We think you need these skills to ace Staff / VP, Machine Learning Engineer (UK)
Some tips for your application 🫡
Tailor Your CV: Make sure your CV is tailored to the role of Staff Machine Learning Engineer. Highlight your experience with ML systems, frameworks, and any relevant projects that showcase your skills in a way that aligns with what TWG Global is looking for.
Craft a Compelling Cover Letter: Your cover letter is your chance to shine! Use it to explain why you're passionate about machine learning and how your background makes you a perfect fit for TWG Global. Don’t forget to mention specific projects or experiences that relate to the job description.
Showcase Your Technical Skills: Since this role requires deep expertise in ML frameworks and engineering stacks, make sure to list your technical skills clearly. Include any hands-on experience with tools like TensorFlow, PyTorch, or cloud ML infrastructure, as these are key to the position.
Apply Through Our Website: We encourage you to apply through our website for the best chance of getting noticed. It’s super easy, and you’ll be able to submit all your materials in one go. Plus, it shows us you’re serious about joining the team!

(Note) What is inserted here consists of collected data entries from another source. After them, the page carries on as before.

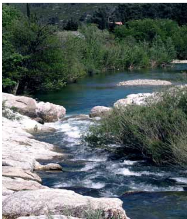
< De Cesse nabij Bize waar de rivier weer opduikt na kilometerslang ondergronds te zijn geweest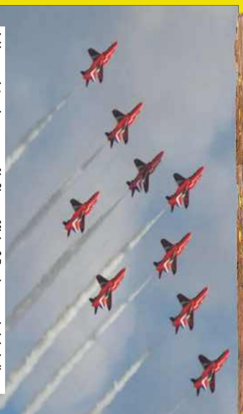
Jakie samoloty zobaczymy na Air Show w Mielcu? Przekonamy się już niedługo.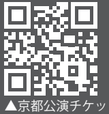
▲京都公演チケット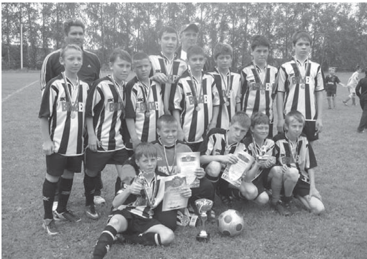
На снимке: команда «Искра» из п. Бобровский

How to prepare for a job interview at TWG Global AI
✨Know Your ML Frameworks
Make sure you brush up on your knowledge of ML frameworks like TensorFlow, PyTorch, and JAX. Be ready to discuss how you've used these tools in past projects, especially in production environments. This will show that you have the hands-on experience TWG Global is looking for.
✨Showcase Your MLOps Knowledge
Familiarise yourself with MLOps best practices, including CI/CD for ML and model versioning. Prepare examples of how you've implemented these practices in previous roles. This will demonstrate your ability to ensure models are reliable and cost-efficient, which is crucial for the role.
✨Prepare for Technical Questions
Expect technical questions that dive deep into your experience with cloud ML infrastructure and containerized deployments. Be ready to explain your approach to building scalable model pipelines and how you've tackled challenges in regulated industries. This will highlight your problem-solving skills.
✨Communicate Clearly
Practice explaining complex engineering concepts in simple terms. TWG Global values exceptional communication skills, so be prepared to translate your technical expertise into clear business outcomes. This will help you connect with the interviewers and showcase your leadership potential.